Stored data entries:

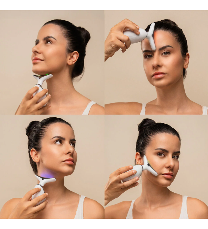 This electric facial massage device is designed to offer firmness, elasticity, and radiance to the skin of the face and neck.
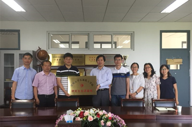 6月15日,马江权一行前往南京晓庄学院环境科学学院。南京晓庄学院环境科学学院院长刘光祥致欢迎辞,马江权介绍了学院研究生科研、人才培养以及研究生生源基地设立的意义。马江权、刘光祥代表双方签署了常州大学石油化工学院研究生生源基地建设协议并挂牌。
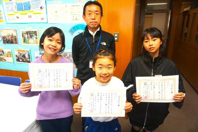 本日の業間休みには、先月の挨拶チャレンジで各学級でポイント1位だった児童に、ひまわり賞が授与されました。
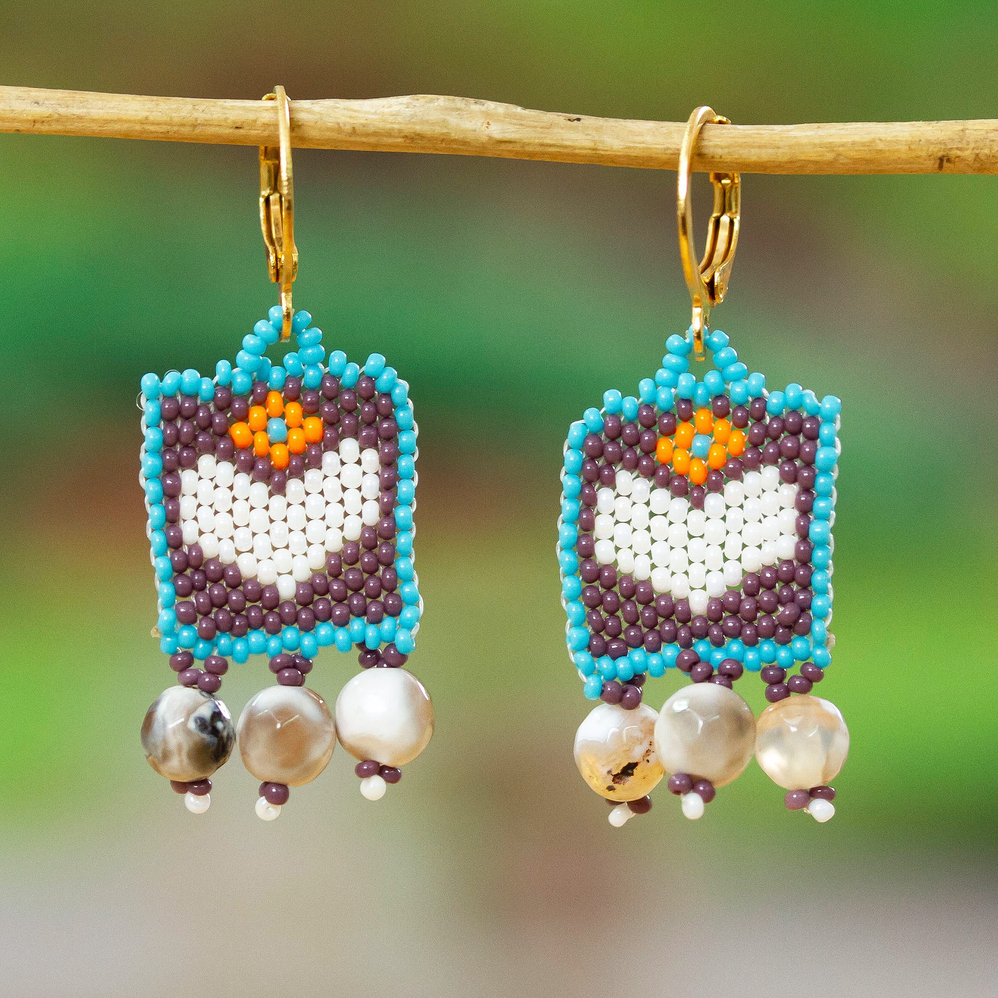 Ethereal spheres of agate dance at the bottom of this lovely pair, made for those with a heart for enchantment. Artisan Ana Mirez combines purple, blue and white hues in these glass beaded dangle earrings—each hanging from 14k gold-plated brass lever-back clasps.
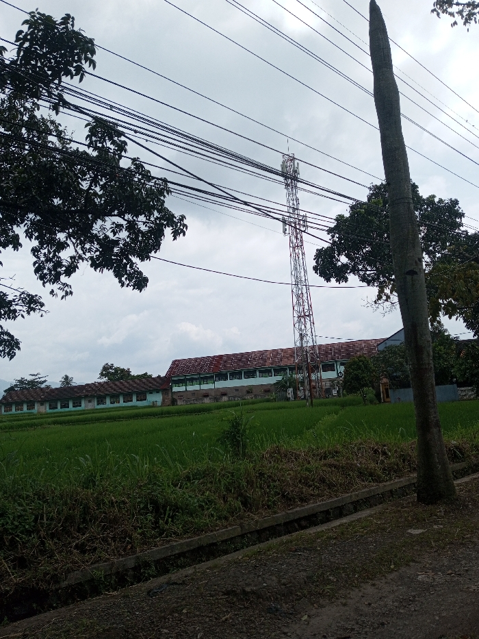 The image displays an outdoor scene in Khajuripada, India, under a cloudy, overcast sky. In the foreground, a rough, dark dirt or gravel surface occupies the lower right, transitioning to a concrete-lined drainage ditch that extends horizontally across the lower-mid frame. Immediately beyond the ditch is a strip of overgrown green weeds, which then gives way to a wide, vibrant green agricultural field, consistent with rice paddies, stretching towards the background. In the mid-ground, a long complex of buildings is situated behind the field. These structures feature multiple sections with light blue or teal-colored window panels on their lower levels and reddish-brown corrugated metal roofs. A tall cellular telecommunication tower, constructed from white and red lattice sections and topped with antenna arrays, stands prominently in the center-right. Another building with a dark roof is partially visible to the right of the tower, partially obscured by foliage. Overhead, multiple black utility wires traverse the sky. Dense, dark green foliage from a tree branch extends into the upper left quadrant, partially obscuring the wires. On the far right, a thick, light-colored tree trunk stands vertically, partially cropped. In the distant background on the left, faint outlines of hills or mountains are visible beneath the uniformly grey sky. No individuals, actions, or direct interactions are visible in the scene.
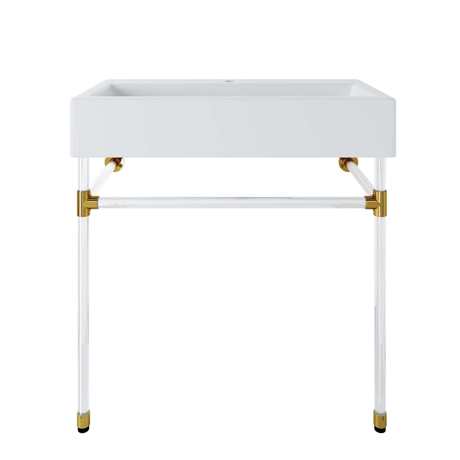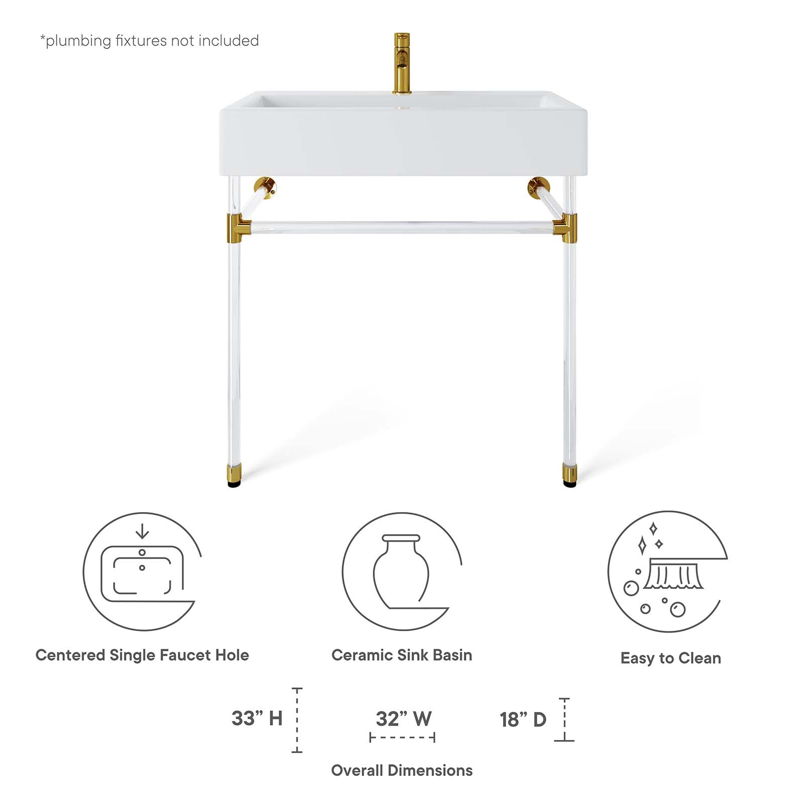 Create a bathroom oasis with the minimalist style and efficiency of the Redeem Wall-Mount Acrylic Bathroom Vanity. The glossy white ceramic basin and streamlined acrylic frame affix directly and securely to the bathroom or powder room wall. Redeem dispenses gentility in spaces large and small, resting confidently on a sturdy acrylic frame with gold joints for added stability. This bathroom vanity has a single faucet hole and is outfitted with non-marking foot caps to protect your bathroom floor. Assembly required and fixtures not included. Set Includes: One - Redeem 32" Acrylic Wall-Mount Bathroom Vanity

Aim of the task »
Exactly as they appear above, print all the lines, but not the pictures.

Result of this exercise »
 This electric facial massage device is designed to offer firmness, elasticity, and radiance to the skin of the face and neck.
 6月15日,马江权一行前往南京晓庄学院环境科学学院。南京晓庄学院环境科学学院院长刘光祥致欢迎辞,马江权介绍了学院研究生科研、人才培养以及研究生生源基地设立的意义。马江权、刘光祥代表双方签署了常州大学石油化工学院研究生生源基地建设协议并挂牌。
 本日の業間休みには、先月の挨拶チャレンジで各学級でポイント1位だった児童に、ひまわり賞が授与されました。
 Ethereal spheres of agate dance at the bottom of this lovely pair, made for those with a heart for enchantment. Artisan Ana Mirez combines purple, blue and white hues in these glass beaded dangle earrings—each hanging from 14k gold-plated brass lever-back clasps.
 The image displays an outdoor scene in Khajuripada, India, under a cloudy, overcast sky. In the foreground, a rough, dark dirt or gravel surface occupies the lower right, transitioning to a concrete-lined drainage ditch that extends horizontally across the lower-mid frame. Immediately beyond the ditch is a strip of overgrown green weeds, which then gives way to a wide, vibrant green agricultural field, consistent with rice paddies, stretching towards the background. In the mid-ground, a long complex of buildings is situated behind the field. These structures feature multiple sections with light blue or teal-colored window panels on their lower levels and reddish-brown corrugated metal roofs. A tall cellular telecommunication tower, constructed from white and red lattice sections and topped with antenna arrays, stands prominently in the center-right. Another building with a dark roof is partially visible to the right of the tower, partially obscured by foliage. Overhead, multiple black utility wires traverse the sky. Dense, dark green foliage from a tree branch extends into the upper left quadrant, partially obscuring the wires. On the far right, a thick, light-colored tree trunk stands vertically, partially cropped. In the distant background on the left, faint outlines of hills or mountains are visible beneath the uniformly grey sky. No individuals, actions, or direct interactions are visible in the scene.
 Create a bathroom oasis with the minimalist style and efficiency of the Redeem Wall-Mount Acrylic Bathroom Vanity. The glossy white ceramic basin and streamlined acrylic frame affix directly and securely to the bathroom or powder room wall. Redeem dispenses gentility in spaces large and small, resting confidently on a sturdy acrylic frame with gold joints for added stability. This bathroom vanity has a single faucet hole and is outfitted with non-marking foot caps to protect your bathroom floor. Assembly required and fixtures not included. Set Includes: One - Redeem 32" Acrylic Wall-Mount Bathroom Vanity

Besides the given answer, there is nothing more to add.